WHAT TO DO
Use the entries below and reproduce exactly the lines from the one containing "겉으론 ‘남남’ 친족기업" down to the one containing "APONI DOG RACE", both of them included.

INPUT DATA
BEGIN
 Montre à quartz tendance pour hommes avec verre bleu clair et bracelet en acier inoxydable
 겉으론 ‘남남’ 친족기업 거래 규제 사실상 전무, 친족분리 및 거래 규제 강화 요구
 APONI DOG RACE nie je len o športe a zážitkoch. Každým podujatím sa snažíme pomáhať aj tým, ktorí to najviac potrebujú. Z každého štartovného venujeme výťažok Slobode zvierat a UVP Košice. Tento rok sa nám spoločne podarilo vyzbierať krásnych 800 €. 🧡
END
BEGIN
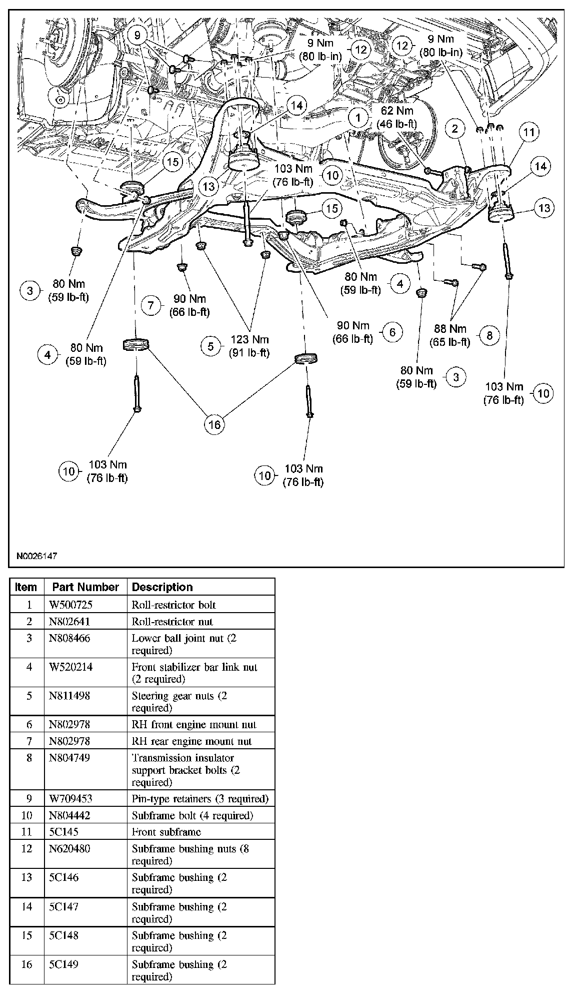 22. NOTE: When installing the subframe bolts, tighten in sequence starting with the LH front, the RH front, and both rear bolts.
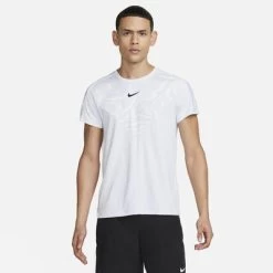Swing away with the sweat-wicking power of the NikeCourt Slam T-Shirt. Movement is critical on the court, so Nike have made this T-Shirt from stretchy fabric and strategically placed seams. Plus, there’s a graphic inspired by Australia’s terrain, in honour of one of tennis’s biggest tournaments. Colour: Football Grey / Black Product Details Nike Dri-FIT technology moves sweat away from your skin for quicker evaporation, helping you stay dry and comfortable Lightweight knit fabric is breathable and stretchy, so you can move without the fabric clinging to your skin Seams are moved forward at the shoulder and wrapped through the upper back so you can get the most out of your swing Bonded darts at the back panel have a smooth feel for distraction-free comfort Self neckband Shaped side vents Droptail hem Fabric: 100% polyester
END
BEGIN
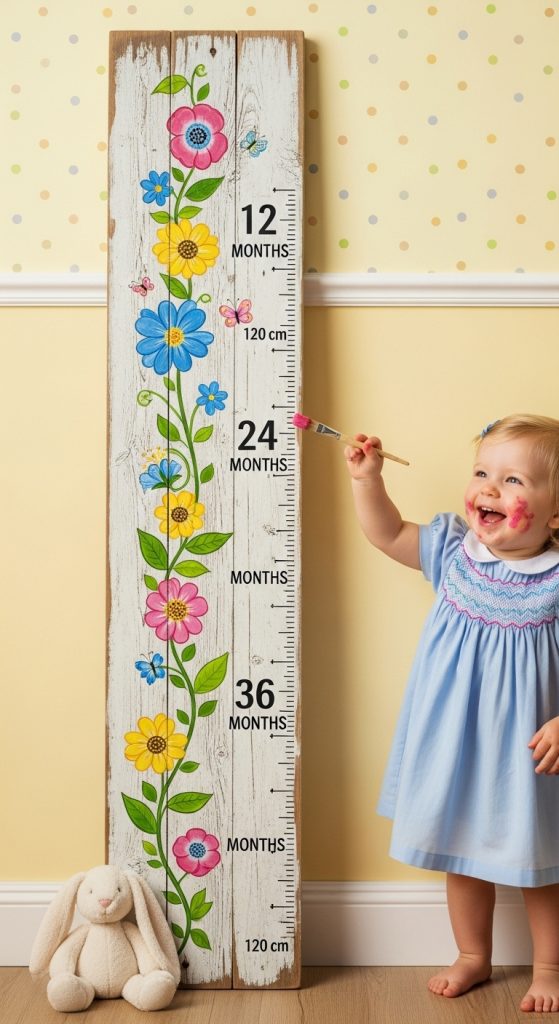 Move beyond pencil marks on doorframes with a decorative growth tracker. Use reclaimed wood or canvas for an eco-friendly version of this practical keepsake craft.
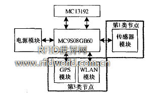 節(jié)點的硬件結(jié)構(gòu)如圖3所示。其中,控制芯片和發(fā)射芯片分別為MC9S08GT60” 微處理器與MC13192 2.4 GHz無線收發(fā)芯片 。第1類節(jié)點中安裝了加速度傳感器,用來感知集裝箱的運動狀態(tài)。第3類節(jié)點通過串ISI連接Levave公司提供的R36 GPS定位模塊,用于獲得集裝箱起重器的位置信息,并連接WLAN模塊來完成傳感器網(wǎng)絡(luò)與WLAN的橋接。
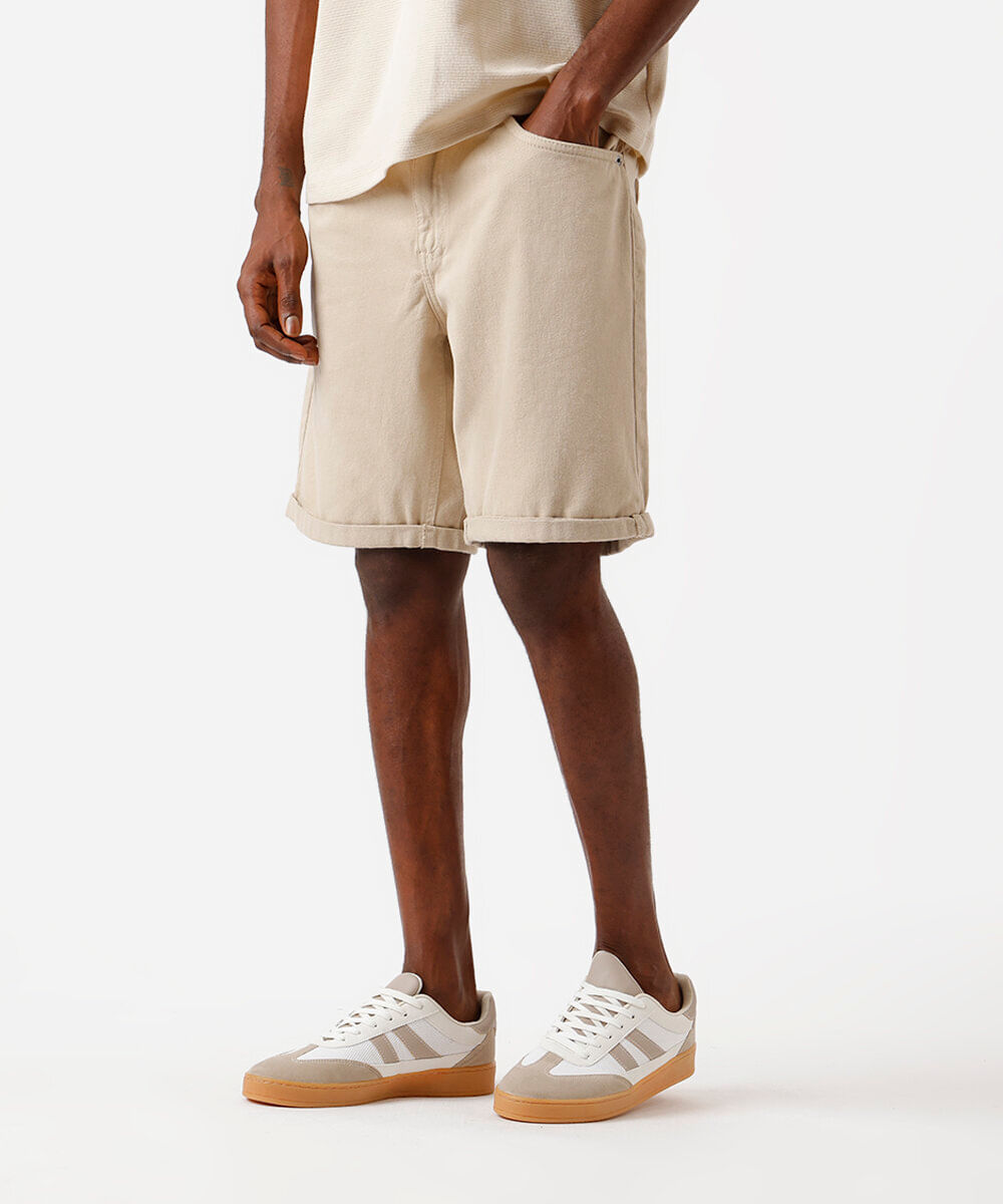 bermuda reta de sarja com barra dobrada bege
END
YOUR SOLUTION
 겉으론 ‘남남’ 친족기업 거래 규제 사실상 전무, 친족분리 및 거래 규제 강화 요구
 APONI DOG RACE nie je len o športe a zážitkoch. Každým podujatím sa snažíme pomáhať aj tým, ktorí to najviac potrebujú. Z každého štartovného venujeme výťažok Slobode zvierat a UVP Košice. Tento rok sa nám spoločne podarilo vyzbierať krásnych 800 €. 🧡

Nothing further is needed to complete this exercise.